Some marketing is in your face. And sometimes, it's a subtlety waiting for discovery and the wave of earned media that will follow. KFC, part of Yum! Brands, has proved itself more than capable of both with a -- sorry, can't help myself -- brand-new insight into its Twitter account that came from a user of the social network.

The more obvious promotions have been noteworthy over the last few years. For example, there was the KFC-branded smartphone in China, with a decent feature set and a couple of company apps, including one that lets users select music to play at any KFC restaurant they visit there. Sending a chicken sandwich into the stratosphere tethered to a balloon for four days with a live 4K video feed was out of the ordinary. And there was the KFC chicken corsage campaign.

KFC depends on humor and whimsy in its marketing. But, of late, it's also looked back to reestablish links with its founding by Harlan Sanders, long before he sold his interest in the business. Actor Rob Lowe currently plays the Sanders character, for example.

Part of the continuity with the past is the basis for the Twitter joke. As a user noticed, the KFC Twitter account follows 11 people. Five of them are former members of the Spice Girls. The other six include a famous musician, a Santa Clara University head coach, a member of the Green Bay Packers, a Los Angeles City Council president, a journalist, and a martial artist.

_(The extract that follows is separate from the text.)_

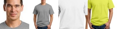 4.3 oz.,100% combed ring-spun cotton fine jersey; 32 singles; Fabric laundered for reduced shrinkage; 1x1 baby rib-knit set-in collar; Tear-away label; Made in the usa;
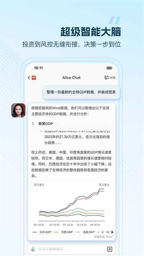 1、Wind金融终端手机版根据市场需求持续迭代近10年,上万人团队始终专注于一款产品,全力以赴打磨精品终端。 2、高速新闻资讯推送,每日原创资讯超过1500条,7*24小时不间断播报国内外重大经济事件,帮助投资者预判行情。 3、拥有全球先进的数据库,宏观数据指标达到500万个,一流的数据质量及质量管控体系已经成为行业标准。 4、囊括全球指数,美亚欧非中东21大指数纵观全球行情,满足各种投资需求,是券商、基金等专业金融机构得心应手的研究工具。 5、海量数据指标,从股票、债券、商品、外汇、基金、宏观、到资产管理、量化投资、风险管理应有尽有。更新日志

All of the latter share one thing: the given name of Herb.

KFC follows 11 herbs and spices.

Genius is a word that gets kicked around a lot, but this is a bit of marketing genius. Subtle, waiting for the day when someone would notice, mention it, with all the press that would follow. The humor is completely in keeping with the overall tone of KFC campaigns and the company couldn't invoke its history any better than with a reference to 11 herbs and spices.

What's even more remarkable about KFC's marketing is that such efforts can so easily go careening off the rails. There's the temptation to get too clever or to release an excess of promotions in rapid succession that become predictable. There's just enough time between them now for people to forget about the last one and enjoy the current.

How long can they keep it up? Hard to say. In my experience, you can keep something rolling for a few years and then you get a change in management, with the new people deciding to put their mark on the operations. Given how rare great marketing is, the result is usually terrible.